Strona:Adolf Pawiński - Portugalia.djvu/56

Z Wikiźródeł, wolnej biblioteki
Ta strona została przepisana.
III.
Wycieczka do Otta i Azambuja. — Poszukiwanie krzemieni w trzeciorzędowéj formacyi.

Wczoraj, przed zamknięciem popołudniowego posiedzenia, rozdano członkom kongresu drukowane kartki, zawiérające l’ordre du jour. Więc każdy miał wszystko, jak powiadają, czarne na białém i wiedział dokąd i kiedy się ma udać.
Piérwszy punkt mógł niejednego wielkomiejskiego uczonego przerazić niemało: „Wyjazd z Lizbony o godzinie 6-éj rano, pociągiem na drodze żelaznéj północno-wschodniéj” — z powodu bowiem znacznéj od miasta odległości wskazanych dwu wsi, należało o wczesnym ranku wyruszyć z Lizbony.

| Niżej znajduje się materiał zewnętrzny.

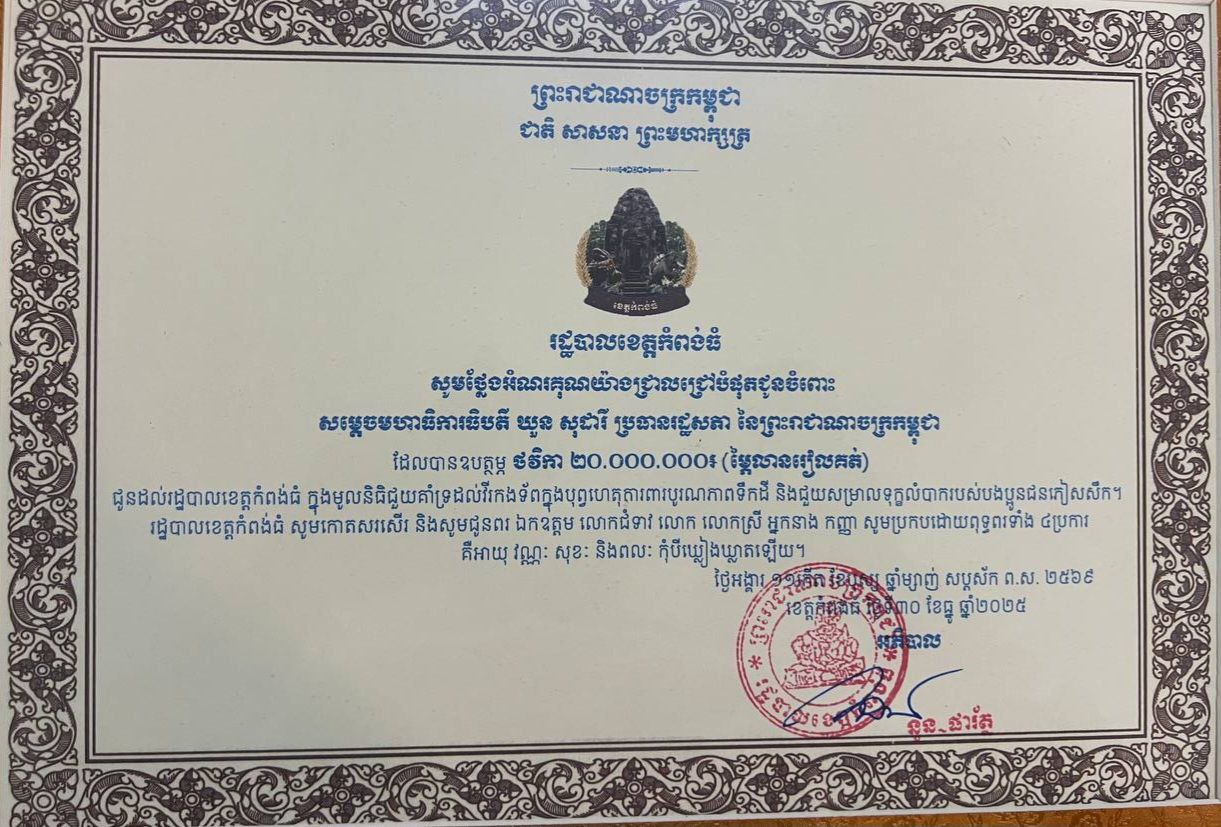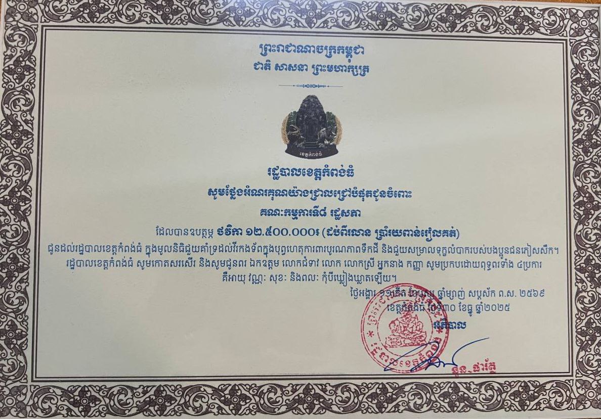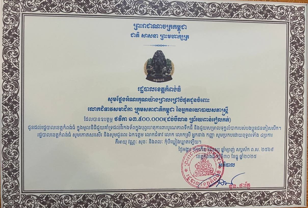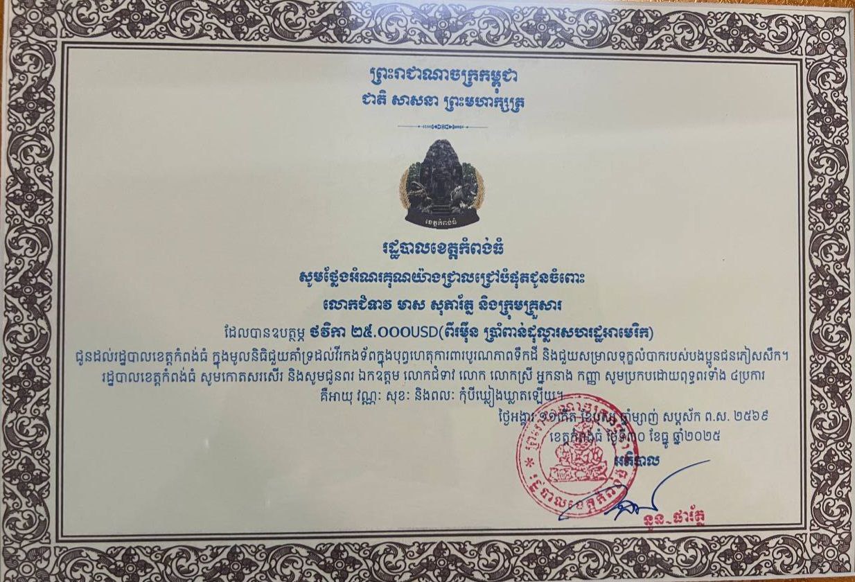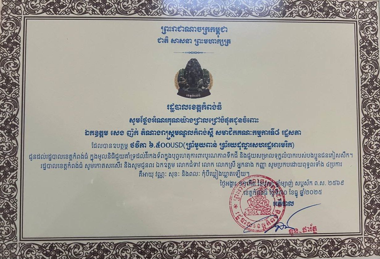 គូបញ្ជាក់ថាសម្ភារៈ និងថវិកាដែលបានផ្ដល់ជូនរដ្ឋបាលខេត្តកំពង់ធំមានចំនួន ៩២០គ្រួសារ ត្រូវបានបែងចែកជូនទៅស្រុកតាំងគោកចំនួន ៦៤៨គ្រួសារ ស្រុកកំពង់ស្វាយ ១០០គ្រួសារ ស្រុកប្រាសាទបល្ល័ង្ក ១០២គ្រួសារ ស្រុកសន្ទុក ២០គ្រួសារ និងស្រុកប្រាសាទសំបូរ ៥០គ្រួសារ៕

Jeszcze gwiazdy świéciły na lazurowém tle nieba, na którém żadnéj nie dojrzałeś chmurki, jeszcze nie weszła zorza poranna, Eos o różowych palcach — jak ją stary Homer nazywa — a już było gwarno w hotelu, gdzie bardzo znaczna pomieściła się liczba przybyłych z za granicy członków kongresu. Nikt nie chciał gruszek zaspać w popiele.